Emerging markets are also seeing the rise of non-institutional forms of entrepreneurial finance, specifically angel investing, incubators, and crowd investing. Like VC, angel investing is increasingly a global phenomenon, with a growing number of angel groups forming in emerging economies. While business accelerators and incubators may provide only a small amount of funding to startups, the mentoring these programs provide can be critical for entrepreneurs. While emerging online platforms may have the ability to achieve a superior match between entrepreneurs and investors, we note that a number of important challenges remain before crowd investing can achieve the same scale as angel and VC investing. These challenges lie especially in informational asymmetries, inadequate due diligence, potential herding behavior, the lack of bespoke contractual arrangements and the absence of clearly defined exits for investments. While these non-institutional sources of funding are still embryonic, volumes are growing rapidly. In China, for instance, business crowd-lending totaled less than $1.5 billion in 2013. Two years later, the volume already exceeded $40 billion.

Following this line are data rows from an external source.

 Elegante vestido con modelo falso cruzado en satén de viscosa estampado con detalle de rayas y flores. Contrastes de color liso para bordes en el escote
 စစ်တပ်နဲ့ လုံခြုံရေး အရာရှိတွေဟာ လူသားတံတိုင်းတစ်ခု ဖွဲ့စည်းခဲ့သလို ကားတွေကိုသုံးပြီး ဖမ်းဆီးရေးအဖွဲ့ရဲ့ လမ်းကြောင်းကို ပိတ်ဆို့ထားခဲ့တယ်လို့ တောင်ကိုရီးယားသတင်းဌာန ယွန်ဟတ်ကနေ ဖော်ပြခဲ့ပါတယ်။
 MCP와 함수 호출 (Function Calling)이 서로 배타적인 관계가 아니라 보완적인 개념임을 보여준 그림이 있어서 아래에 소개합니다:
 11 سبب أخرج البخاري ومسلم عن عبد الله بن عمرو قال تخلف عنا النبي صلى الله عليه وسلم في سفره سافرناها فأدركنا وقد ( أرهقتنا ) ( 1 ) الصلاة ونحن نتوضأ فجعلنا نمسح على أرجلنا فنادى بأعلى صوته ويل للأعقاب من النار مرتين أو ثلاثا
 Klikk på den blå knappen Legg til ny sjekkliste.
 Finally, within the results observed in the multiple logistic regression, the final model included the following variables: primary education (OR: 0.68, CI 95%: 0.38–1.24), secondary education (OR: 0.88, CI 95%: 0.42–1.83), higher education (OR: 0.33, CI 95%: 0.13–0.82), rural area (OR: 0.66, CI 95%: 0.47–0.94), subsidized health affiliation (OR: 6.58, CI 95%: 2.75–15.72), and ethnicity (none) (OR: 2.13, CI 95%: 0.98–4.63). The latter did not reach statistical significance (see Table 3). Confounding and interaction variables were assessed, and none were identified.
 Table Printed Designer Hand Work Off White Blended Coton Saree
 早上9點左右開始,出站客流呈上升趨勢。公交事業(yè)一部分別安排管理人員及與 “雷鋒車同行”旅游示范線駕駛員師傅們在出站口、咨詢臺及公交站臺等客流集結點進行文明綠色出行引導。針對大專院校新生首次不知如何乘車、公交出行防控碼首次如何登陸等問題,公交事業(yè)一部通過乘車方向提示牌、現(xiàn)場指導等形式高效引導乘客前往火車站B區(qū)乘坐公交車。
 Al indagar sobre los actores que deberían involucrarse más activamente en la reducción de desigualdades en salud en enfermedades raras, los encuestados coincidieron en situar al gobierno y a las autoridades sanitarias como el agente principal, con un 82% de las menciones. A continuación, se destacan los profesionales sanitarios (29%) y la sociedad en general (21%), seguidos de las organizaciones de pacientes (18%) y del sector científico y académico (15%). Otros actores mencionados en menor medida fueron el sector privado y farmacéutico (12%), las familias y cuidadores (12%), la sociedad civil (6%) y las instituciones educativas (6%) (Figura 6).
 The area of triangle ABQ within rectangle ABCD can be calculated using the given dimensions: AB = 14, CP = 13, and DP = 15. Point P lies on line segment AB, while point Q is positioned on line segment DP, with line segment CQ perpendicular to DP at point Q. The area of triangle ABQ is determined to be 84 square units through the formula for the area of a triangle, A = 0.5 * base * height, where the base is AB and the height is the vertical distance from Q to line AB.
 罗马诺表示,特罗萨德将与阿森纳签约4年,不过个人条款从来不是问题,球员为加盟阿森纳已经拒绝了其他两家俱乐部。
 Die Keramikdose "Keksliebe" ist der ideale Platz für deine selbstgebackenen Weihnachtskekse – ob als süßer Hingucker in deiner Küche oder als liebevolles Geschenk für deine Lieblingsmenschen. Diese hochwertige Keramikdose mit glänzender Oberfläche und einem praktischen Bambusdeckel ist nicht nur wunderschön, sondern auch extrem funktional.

To distill and illustrate lessons from emerging innovation leaders like China and India, we also studied Chinese and Indian digital economy leaders Tencent and Flipkart. As these companies form Google-like innovation ecosystems, they (and others like them) begin to cross borders and become global change-makers, accelerating innovation, job creation, and economic development at home and abroad. Both Tencent and Flipkart were initially backed by venture capital. Further, Tencent has today become a major provider of venture capital itself, backing a significant number of entrepreneurial firms that have emerged as unicorns – startups valued at $1 billion or more.

We see a continued rise in the focus on innovation and entrepreneurship in emerging markets. This will require an increase in both the breadth of and depth of the channels of financing available for entrepreneurship and innovation. Lessons can be taken from developed markets, but emerging markets will have to create financing environments that are also tailored to their unique contexts.